A-level results were scored in the standard way. The study took place as O-levels were being replaced with GCSEs, and separate scores were derived for mean O-level grade or mean GCSE grade, and expressed as z-scores. Applicants who attended for interview at St. Mary’s, UMDS or Sheffield took an abbreviated version of the AH5 test of intelligence  (aAH5), which was timed. The aAH5 was entirely for research purposes, and results were not made available to the medical schools concerned.
GMC numbers for all graduates were identified, and subsequently used to link the data with the GMC’s LRMP (List of Registered Medical Practitioners), and with MRCP(UK) results, which were scored in a similar way to that in the UCLMS Cohorts with minor differences .
The 1985 cohort study
The 1985 cohort study  consisted of 2,399 individuals who applied to St. Mary’s Hospital Medical School in the autumn of 1985 for entry to medical school in October 1986. St.

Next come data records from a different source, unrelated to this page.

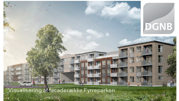
Visualisering af facaderække Fyrreparken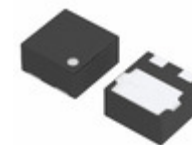
XC6120C292HR-G Torex Semiconductor Ltd IC SUPERVISOR 2.9V 3-USP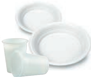
Piatti e bicchieri in plastica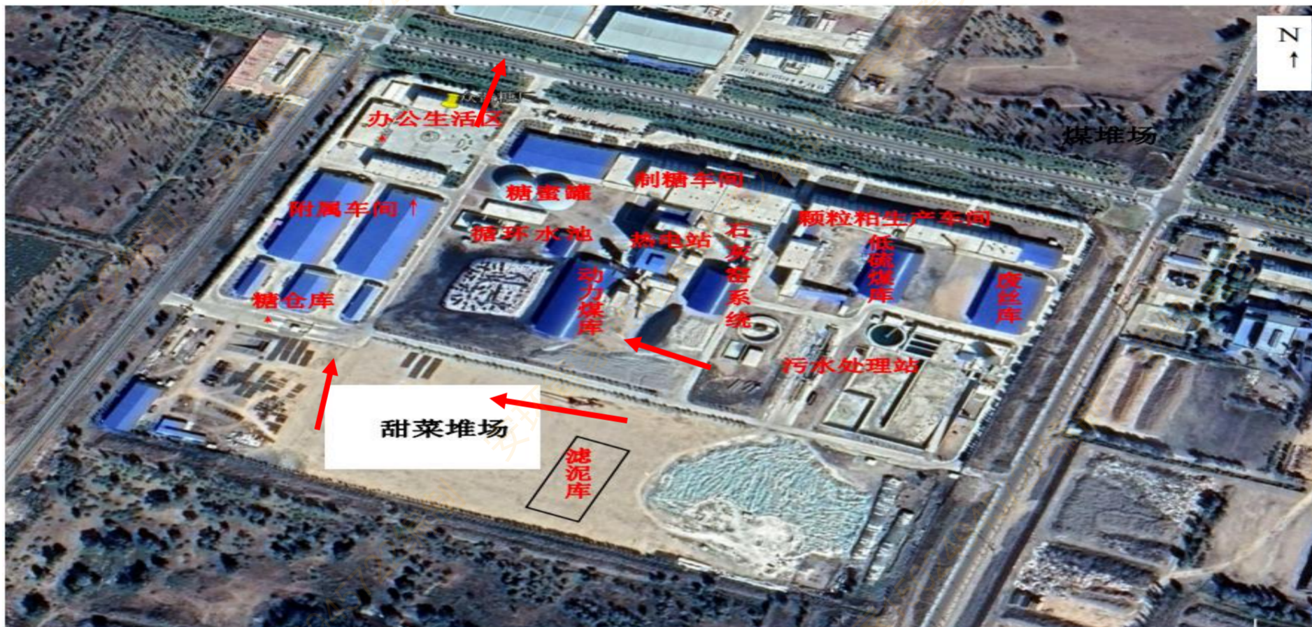
附图2：企业内部、外部紧急逃生应急疏散路线图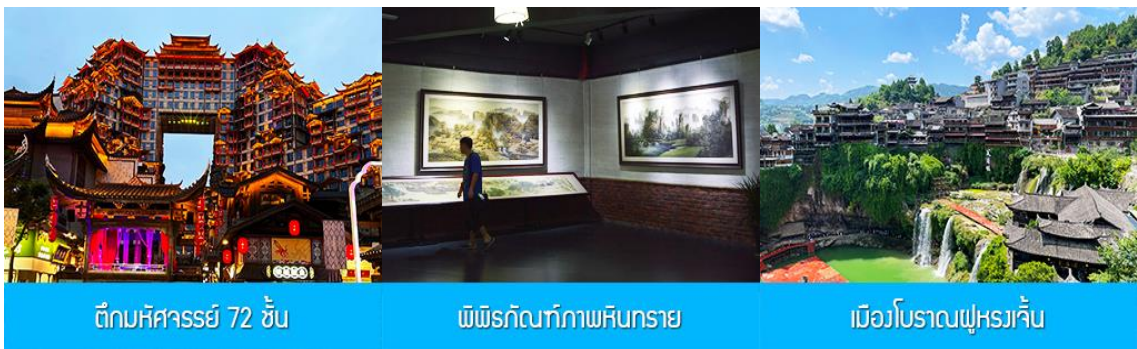
ตึกหิคารร์ยี่ 72 ชั้น

พักที่ CHANGDE YUNXI HOTEL ระดับ 4 ดาวท้องถิ่น หรือเทียบเท่าในเมืองฉางเต๋อ

Mary’s was a popular choice with applicants with 24.7% of all medical school applicants, including it as one of their five medical school applications. Entrants to any UK medical school were followed up, and included 22.7% of all entrants to UK medical schools in that year . A-level and O-level results of candidates were recorded. UK medical schools provided information on performance on the basic medical science course, recorded on a four-point scale. For students taking finals in the (then) constituent medical schools of the University of London, which had a common, shared examination system, details of performance in all assessments were collected and expressed as a single overall score . Information on MRCP(UK) was not available, but there was information about which doctors were in the GMC’s Specialist Register.
The 1980 cohort study
The 1980 Cohort Study, which was the first and hence smallest of the three cohort studies at St. Mary’s Hospital Medical School, studied all 1,361 individuals who in the autumn of 1980 applied to study medicine at St. Mary’s. The 519 entrants to any UK medical school were followed up [23,37,38], and represented 12.9% of all UK medical school entrants in 1981. UK medical schools provided information on basic medical science performance on a four-point scale . For students taking the common finals examinations of the University of London, detailed performance measures were available, as with the 1985 cohort study .
The Westminster cohort study
The Westminster Study was initiated by Dr Peter Fleming, who studied the 511 students entering the clinical course of the Westminster Medical School between 1975 and 1982 . The Westminster only ran a clinical course, and basic medical sciences had been studied elsewhere, so that students entered medical training between 1972 and 1980. Outcome on the clinical course was recorded on a four-point scale. A-level results were available for the entrants, and all students also took a timed version of the full AH5 test. Information on which doctors were on the specialist register was available.
Conventional statistical analyses used SPSS 20.0. (International Business Machines Corporation, Statistical Package for the Social Sciences, Armonk, New York, USA) Special purpose programs were written in Matlab to calculate correlations corrected for right-censoring, as well as tetrachoric and polychoric correlations for grouped data. In addition the Hunter-Schmidt-Le (HSL) model of construct-level predictive validity extended for censored and grouped data was also programmed in Matlab. All Matlab programs used the DRAM adaptation of MCMC , available from Dr Marko Laine of the University of Helsinki (see helios.fmi.fi/~lainema/mcmc/, helios.fmi.fi/~lainema/mcmc/mcmcstat.zip and helios.fmi.fi/~lainema/dram/). MCMC analyses typically used a chain length of 5,000 or 10,000 with parameter estimates based on the final 2,000 items in the chain, means and standard deviations being used as the estimate and the standard error of parameters, with 5% confidence intervals estimated as the 2.5th and 97.5th percentiles of the actual values in the chain.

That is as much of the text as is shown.